Marevivo ha registrato la voce dei fondali

Durante il lockdown, l'associazione ha scandagliato i mari della penisola per documentare cosa stava succedendo nel periodo in cui le attività erano quasi nulle


Trecento ore di registrazioni con gli idrofoni per ascoltare il mare. È la parte sonora della documentazione raccolta dall'associazione Marevivo he durante il lockdown ha scandagliato i mari della nostra penisola per osservare, documentare, filmare cosa stava succedendo nei fondali marini nel periodo in cui le attività dell'uomo erano ridotte e quasi nulle.

Oltre alla divisione sub di Marevivo, all'operazione hanno partecipato nuclei subacquei dei Carabinieri, della Guardia Costiera e della Polizia di Stato, coordinati per la parte scientifica da Ferdinando Boero, professore ordinario di Zoologia dell'Università Federico II di Napoli e da Enzo Saggiomo, direttore della Fondazione Dohrn, 

Tra i riscontri positivi, l'aumento del numero dei pesci, divenuti meno diffidenti nell'avvicinarsi ai sub e straordinaria la registrazione dei suoni, effettuata dagli idrofoni posizionati nei fondali (in Sicilia e Campania) in un mare in perfetto silenzio. Aragoste, corvine, cernie e saraghi ci hanno fatto ascoltare i loro suoni, la loro voce.

"Tre mesi non sono bastati al mare per poter notare dei cambiamenti visibili – spiegano i coordinatori scientifici –, un esempio ci arriva dalle Aree Marine Protette, dove ci sono voluti tempi più lunghi.
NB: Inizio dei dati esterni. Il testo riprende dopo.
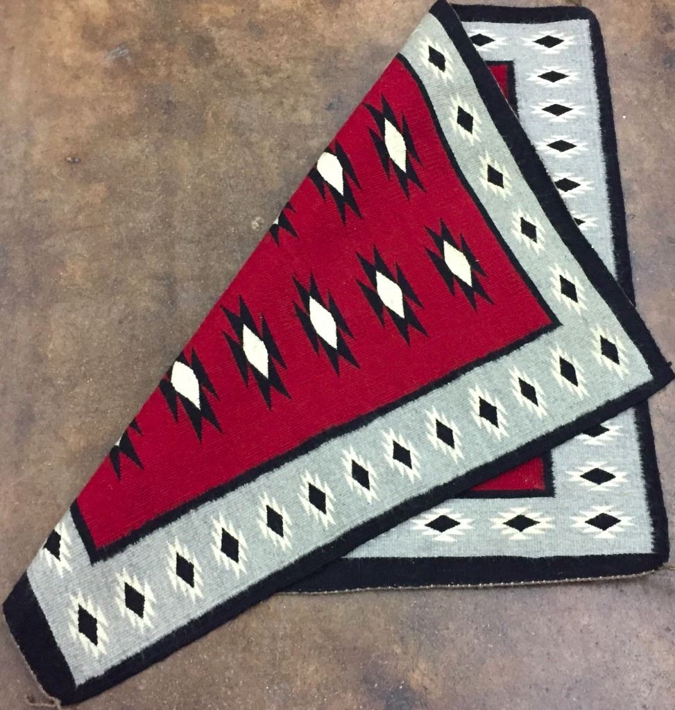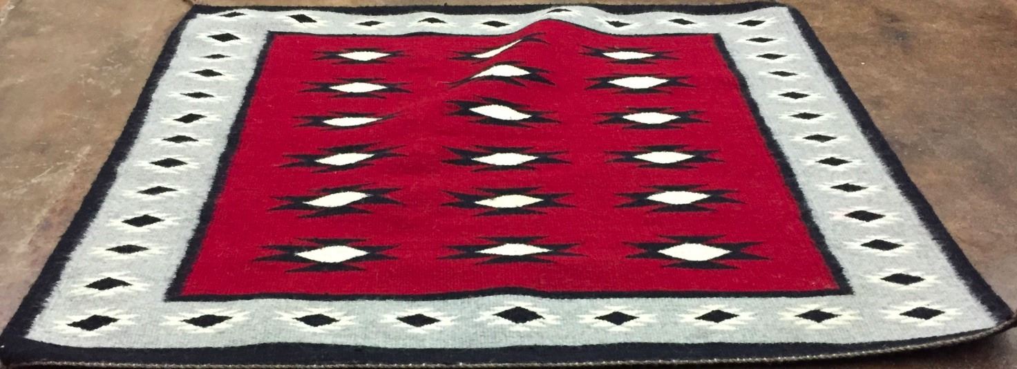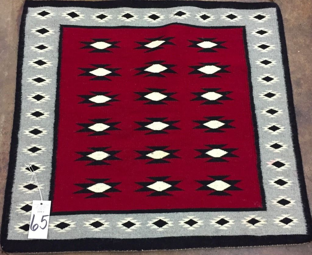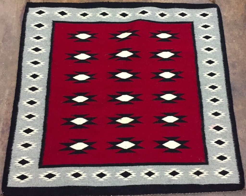 Maker: Unknown Navajo weaver. Approx. Age: Circa 1980s. Size: 33” x 36”. Condition: Good. Additional Info: Nice geometric design Navajo textile. Please look closely at the pictures - they are an important part of our description. Shipping: There will be a $5 handling / packaging fee for shipping this lot. The actual cost of postage will be added on top of that.
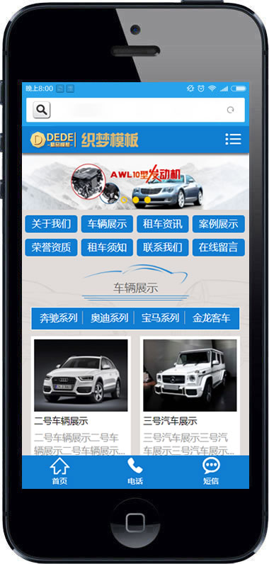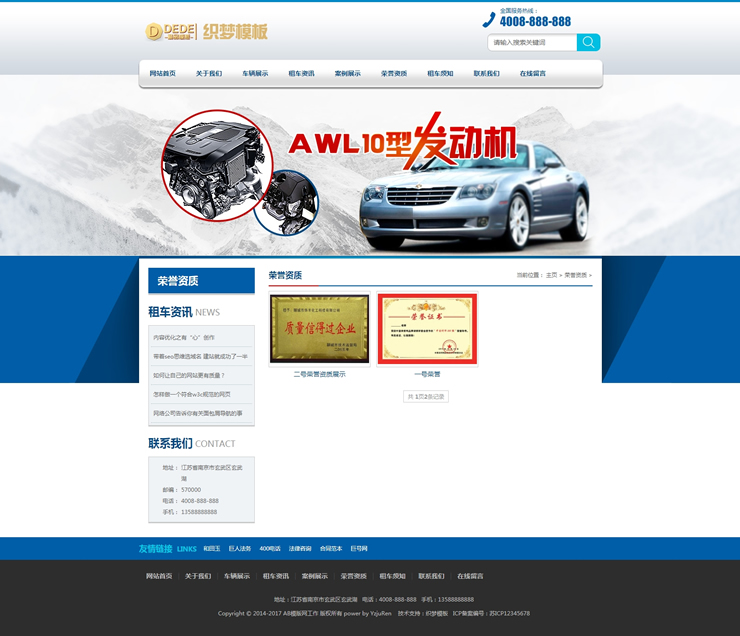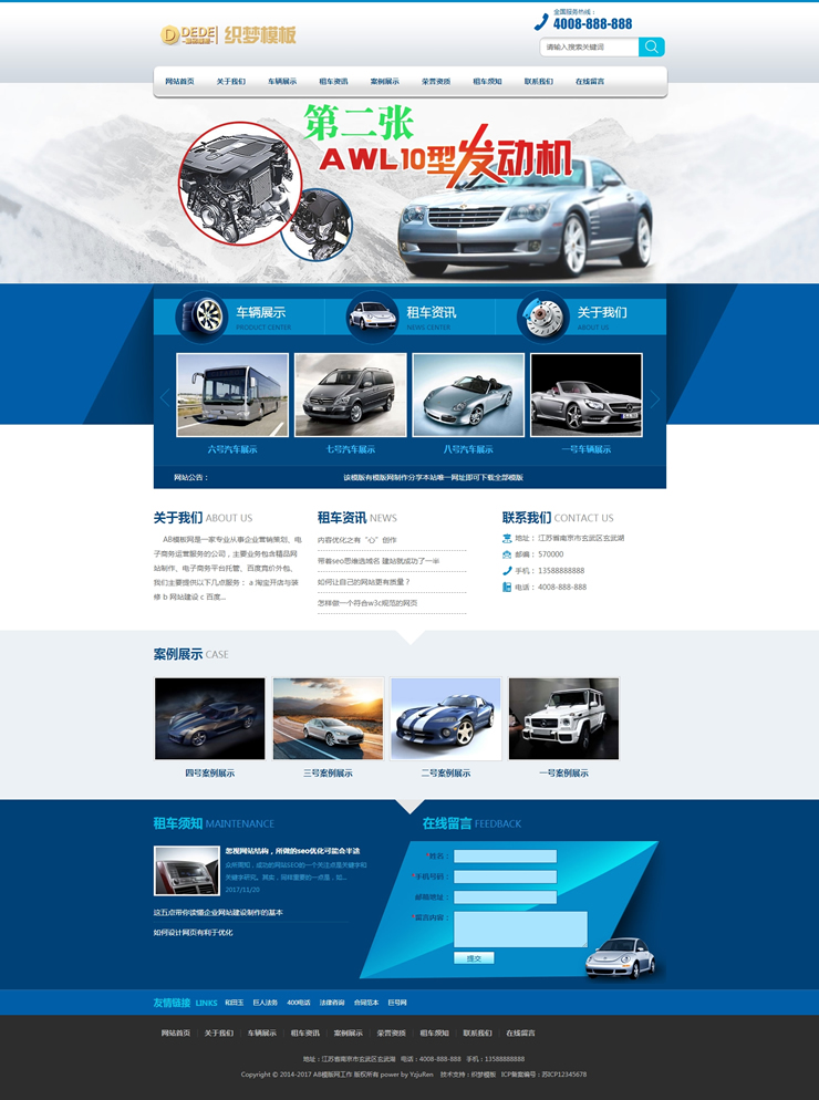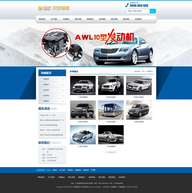 模板編號:     B2317 汽車零配件生產(chǎn)維修保養(yǎng)類織夢模板藍色汽車租
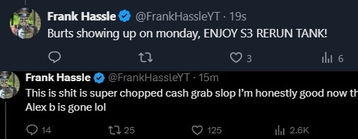 -- Frank: "After 3 seasons I was given the cold shoulder like I'm some random" https://x.com/FrankHassleYT/status/2040214569872720379
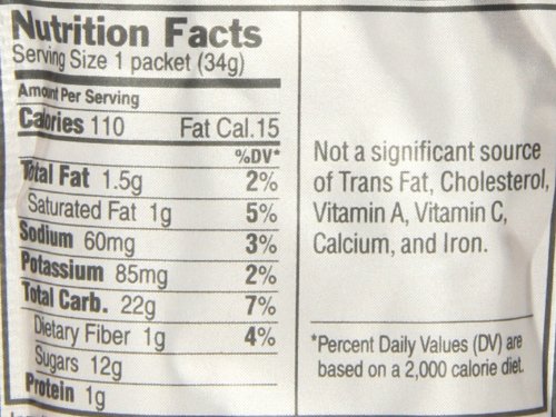 85% complex carbs & 15% simple sugars; 100% daily allowance of Vitamins C & E
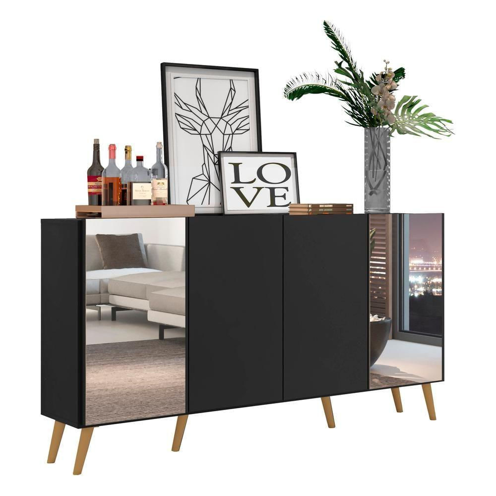 Aparador Buffet Retrô Com Espelho Multimóveis Preto/natural
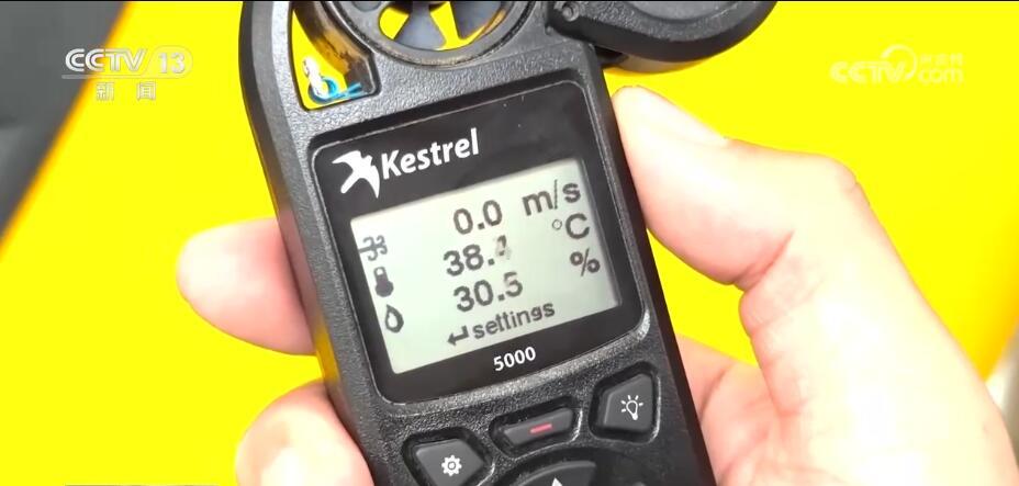 下午3時,工作人員手中的測試儀顯示,地表溫度已經超過了39℃。解維增和他的工友們還要穿上一身密不透風的防護服,開始下午的帶電檢修作業。
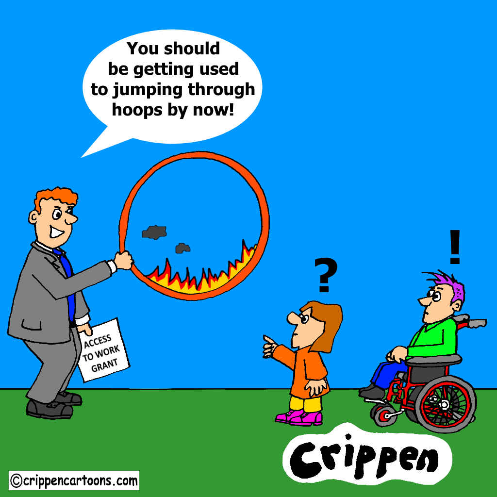 A white male in a grey suit is standing in front of two disabled people with a flaming hoop in his hand. His other hand is holding a form that reads ‘access to work grant’. The two disabled people, a woman of restricted growth and a male wheelchair user are looking perplexed. The man with the suit is saying to them: “You should be getting used to jumping through hoops by now!”
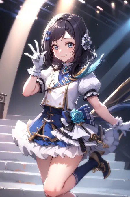 • Original outfit : aiba uiha, uiha default, medium hair, braided bangs, hair bow, idol clothes, white jacket, blue skirt, frills, puffy short sleeves, white gloves, socks

Difatti dopo anni di protezione ora nei loro fondali c'è un ritorno di vita spettacolare che solo il mare può offrire come la presenza continua dei suoi grandi animali ma anche della vita bentonica di piccoli e preziosi esseri indispensabili per il buon funzionamento dell'ecosistema marino. Purtroppo nelle immagini che ci sono state sottoposte abbiamo registrato l'impatto delle attività umane come rifiuti di ogni genere: reti abbandonate, reste di plastica utilizzate nella mitilicoltura, batterie, pneumatici e per ultimi anche mascherine e guanti conseguenze del Covid 19".